*Assigned task*
Your answer should hold the data exactly as given, minus any picture.

************

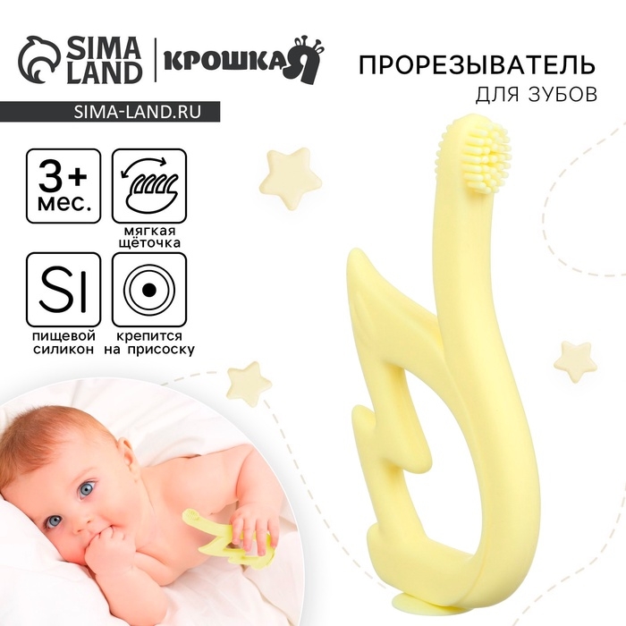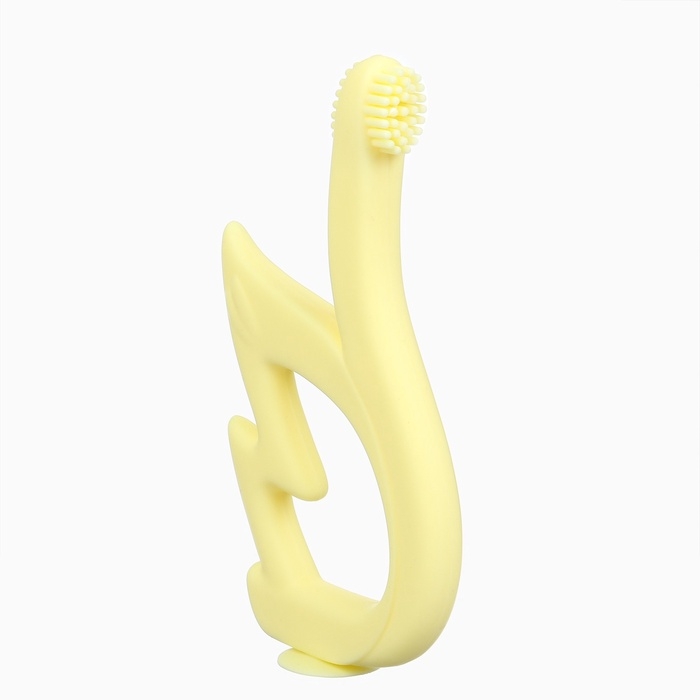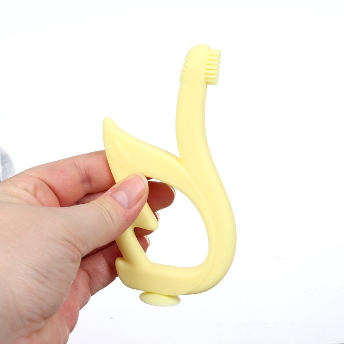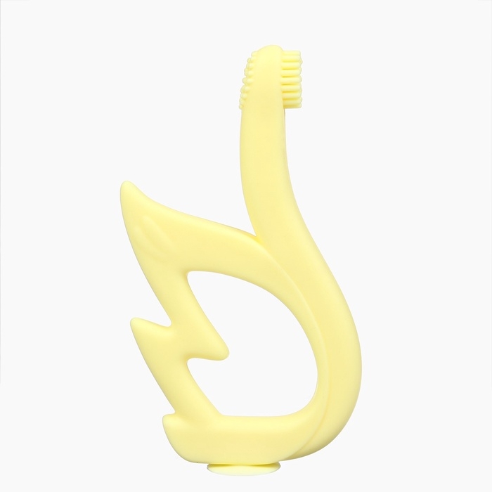 Прорезыватель силиконовый для зубов Крошка Я «Лебедь», щеточка, на присоске, желтый
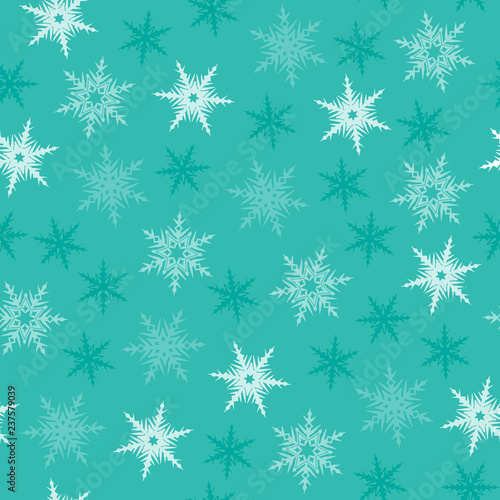 Teal/aqua and white seamless snowflake pattern - design element.
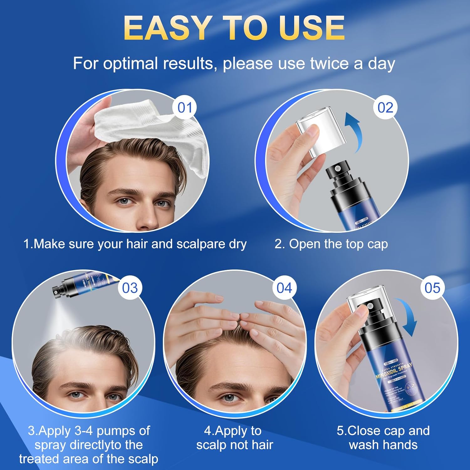 - 5.📊 Visible Results: 18% Thicker Hair in 60 Days: Clinically tested: 91% users achieved full scalp coverage in 6 months. Backed by 60-day money-back guarantee. "Finally a spray that works on my receding hairline!
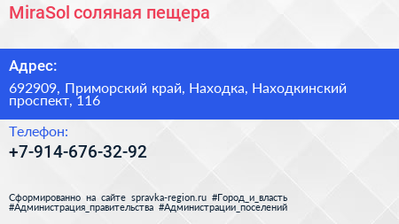 MiraSol`, соляная пещера по адресу 692909, Приморский край, Находка, Находкинский проспект, 116 в дальнейшем Организация, размещена в следующих категориях:
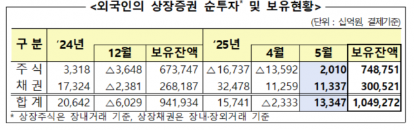 12일 금융감독원이 발표한 '2025년 5월 외국인 증권투자 동향'에 따르면 지난달 외국인은 국내 상장주식 2조100억원을 순매수했다. 5월말 현재 전월 대비 41조7000억원 늘어난 748조8000억원을 보유하고 있다.
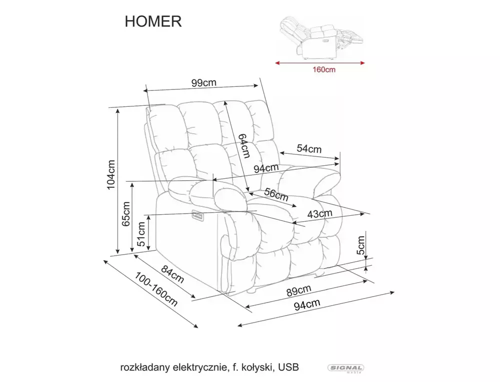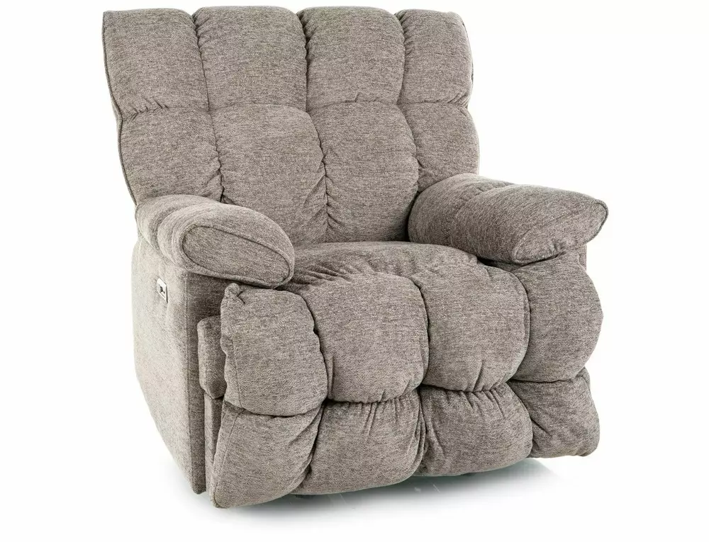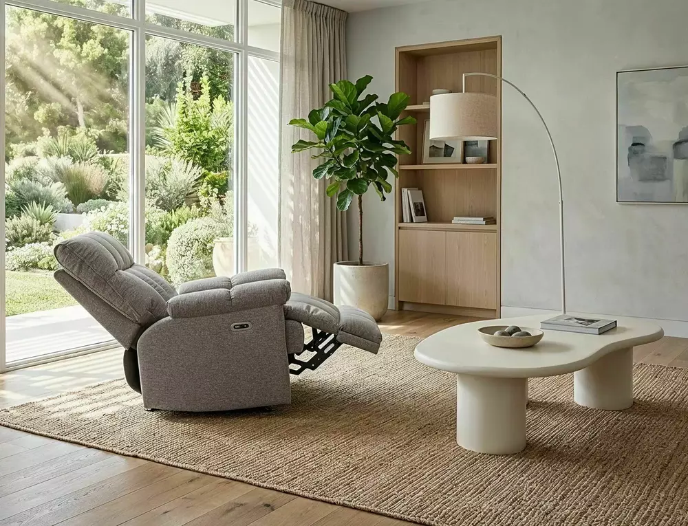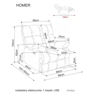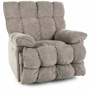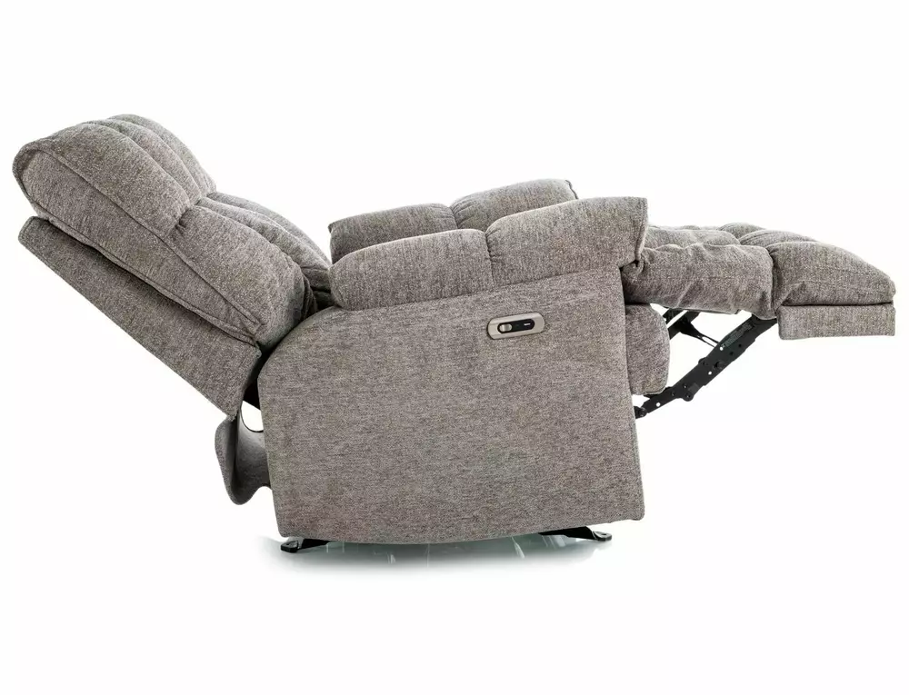 Elektricky polohovatelné křeslo s funkcí kolébky, látka: Raven, barva: šedá 07. Možnost kolébky funguje ve sklopené poloze, USB port.

************

*Exercise result*
 Прорезыватель силиконовый для зубов Крошка Я «Лебедь», щеточка, на присоске, желтый
 Teal/aqua and white seamless snowflake pattern - design element.
 - 5.📊 Visible Results: 18% Thicker Hair in 60 Days: Clinically tested: 91% users achieved full scalp coverage in 6 months. Backed by 60-day money-back guarantee. "Finally a spray that works on my receding hairline!
 MiraSol`, соляная пещера по адресу 692909, Приморский край, Находка, Находкинский проспект, 116 в дальнейшем Организация, размещена в следующих категориях:
 12일 금융감독원이 발표한 '2025년 5월 외국인 증권투자 동향'에 따르면 지난달 외국인은 국내 상장주식 2조100억원을 순매수했다. 5월말 현재 전월 대비 41조7000억원 늘어난 748조8000억원을 보유하고 있다.
 Elektricky polohovatelné křeslo s funkcí kolébky, látka: Raven, barva: šedá 07. Možnost kolébky funguje ve sklopené poloze, USB port.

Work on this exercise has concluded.